Bush announces new ties with India despite strains

Nations will work against terrorism, leaders say

War On Terrorism

The World

November 10, 2001|By KNIGHT RIDDER/TRIBUNE

WASHINGTON - Despite criticism from India's prime minister of the way the United States has conducted the war against Afghanistan, President Bush announced yesterday that he will step up economic, military and counterterrorism ties with India.

"My administration is committed to developing a fundamentally different relationship with India," Bush said after an Oval Office meeting with Prime Minister Atal Bihari Vajpayee.

Bush and Vajpayee discussed ways to improve U.S.-India relations, including Indian contributions to the coalition against terrorism suspect Osama bin Laden and Afghanistan's Taliban leadership.

The two leaders agreed to further cooperation against terrorism, particularly cyberterrorism. India is the world's second-largest software producer, after the United States.

Ties between India and the United States have been strained since India tested atomic weapons in 1998. Bush recently lifted the last of several sanctions imposed after the tests.
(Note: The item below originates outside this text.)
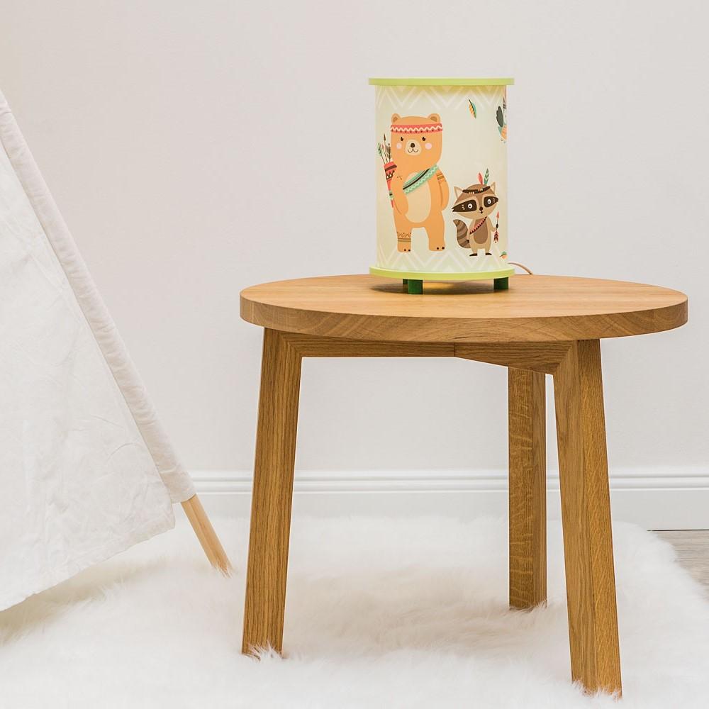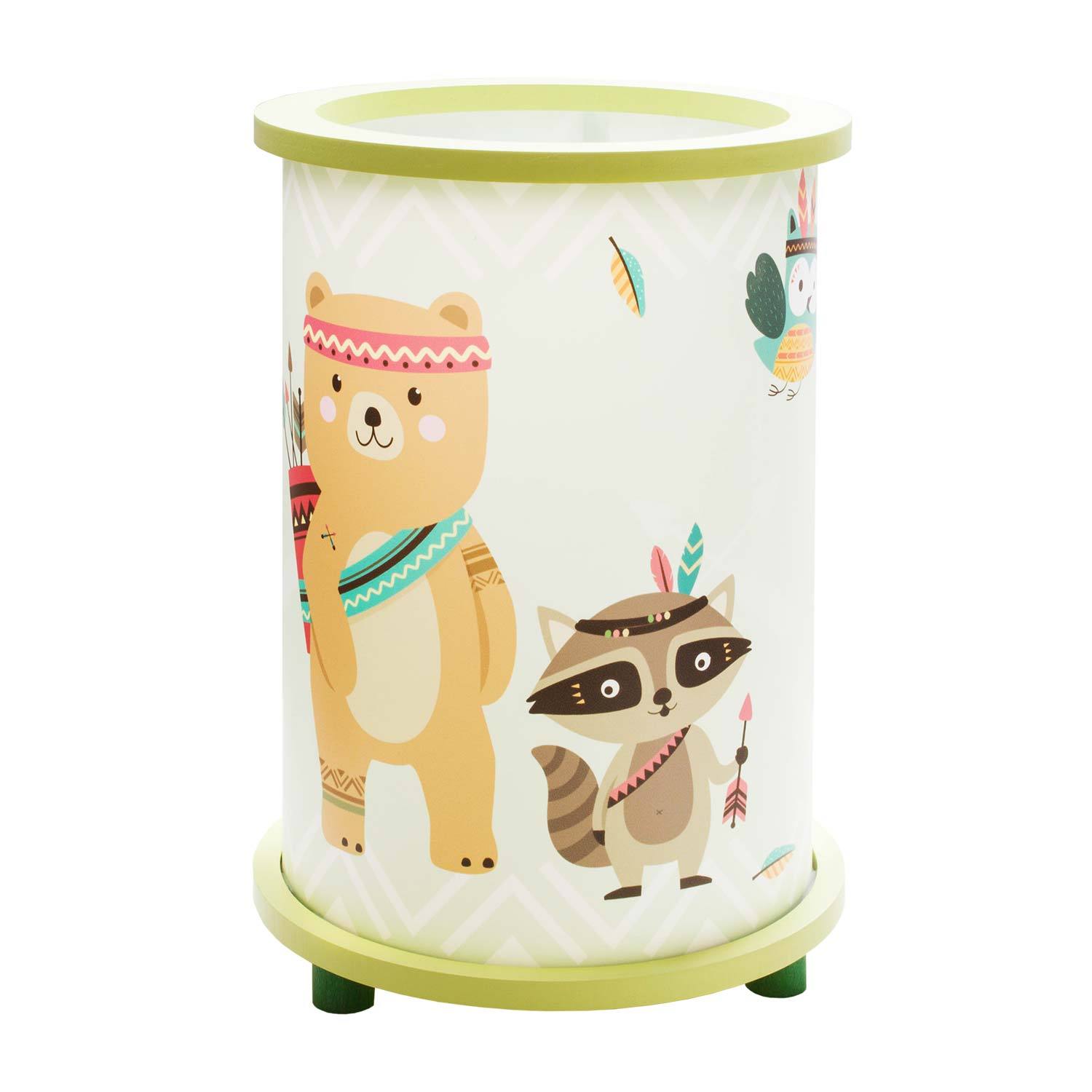 Το φωτιστικό “Little Indians” δημιουργεί υπέροχο φωτισμό. Το μικρό ρακούν και το αρκουδάκι ζούνε μαζί με τους άλλους Ινδιάνους φίλους τους σε μια φυλή, με στόχο να φωτίσει τα δωμάτια των παιδιών. Με το χαριτωμένο μοτίβο και τα χρώματα που ταιριάζουν, το φωτιστικό γίνεται πραγματικά εντυπωσιακό. Το επιτραπέζιο φωτιστικό κατασκευάζεται με υλικά φιλικά προς το περιβάλλον και διαθέτει καλώδιο μήκους 2 μέτρων με διακόπτη. Η πηγή LED 3W είναι ενσωματωμένη και δεν μπορεί να αντικατασταθεί.

Bush and Vajpayee said yesterday that India would have a role in rebuilding Afghanistan.

The administration wants Indian navy ships to help refuel U.S. ships in the Arabian Sea and Indian Ocean.

It is also seeking an agreement to conduct military training operations in India, according to Lt. Col. David Lapan, a Pentagon spokesman.

Bush's renewed support for India came in spite of Vajpayee's criticism of the administration for "slackening" the pace of military operations. He told the Washington Post that "the campaign cannot be described as fully satisfactory."

White House spokesman Ari Fleischer played down the criticism. He said Vajpayee had assured Bush that "India stands shoulder to shoulder with the United States." Fleischer described their talks as "very positive."